Morphological observations revealed changes in the ovaries of mice. Aged mice exhibited enlarged ovaries containing non-functional lesions, including fibrotic tissue and cysts, indicating tissue degeneration due to chronic hormonal imbalance. Previous studies have shown that the ovaries of aged mice exhibit increased fibrosis, decreased numbers of mature follicles, and stromal accumulation due to reduced estrogenic activity and increased oxidative stress(26-28). Additionally, H&E analysis showed a reduction in the number of follicles in aging mice compared with healthy mice. These findings are consistent with previous research demonstrating an age-related decline in ovarian follicle numbers in Egyptian spiny mice(29). With advancing age, the number of ovarian follicles in women decreases due to follicular atresia and ovulation(29).
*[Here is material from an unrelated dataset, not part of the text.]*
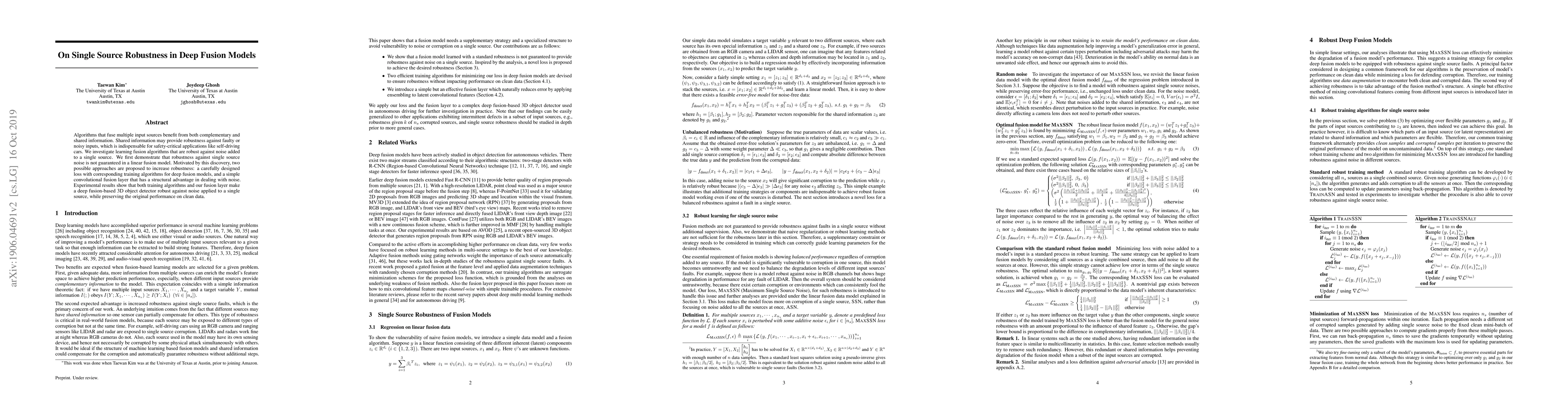 Researchers investigate how to make deep fusion models more robust against noise in a single input source, with promising results from new training algorithms and convolutional fusion layers.
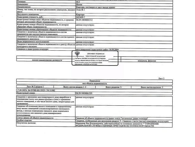 Данные получены с сайта ГИС Торги. Жилое помещение (квартира) общей площадью 50,2 кв.м., , кад. 58:29:1003004:535, этаж 1, расположенное в пределах объекта недвижимости с кад. 58:29:1003004:512, принадлежащее должнику Смирнову Д.И. По месту нахождения объекта зарегистрированные лица отсутствуют. Сведениями о задолженности по коммунальным платежам и взносам на капитальный ремонт, а также о фактическом состоянии объекта недвижимости организатор торгов не располагает. Техническая документация и фотографии объекта отсутствуют у организатора торгов.

This reduction is accompanied by a decline in the number of ovarian granulosa cells, which are the leading producers of estradiol and inhibin B. Levels of anti-Müllerian hormone (AMH), also produced by granulosa cells, similarly decrease. The diminished production of estrogen and inhibins A and B leads to the loss of inhibition of gonadotropin secretion, resulting in increased FSH and luteinizing hormone levels(30). This reduction in estrogen levels also disrupts the balance of the hypothalamic-pituitary-ovarian axis(31). As a result, endometrial development fails, leading to irregular menstrual cycles and, eventually, complete cessation of menstruation (menopause)(1, 32).
Study Limitations
The molecular scope of this study was limited to IL-10 and TNF-α and did not include other important inflammatory and hormonal markers, such as IL-6, estradiol, and AMH, which could provide a more comprehensive understanding of reproductive aging. Although the histological analyses successfully revealed ovarian changes, more detailed molecular and ultrastructural assessments would strengthen the interpretation of tissue degeneration. The small sample size (n=5 per group) represents a major limitation; the findings should be interpreted with caution. Moreover, estrous cycle monitoring was limited to six days, which is insufficient to definitively establish persistent cycle arrest. Finally, caution is needed when extrapolating these findings to humans, as physiological differences between the estrous cycle in mice and the menstrual cycle in women may limit direct comparability.
Conclusion
Our findings indicate that aged female mice exhibit physiological and molecular signs of menopause, making them suitable models for experimental studies of reproductive aging and for the development of therapeutic interventions targeting inflammation and ovarian dysfunction associated with menopause.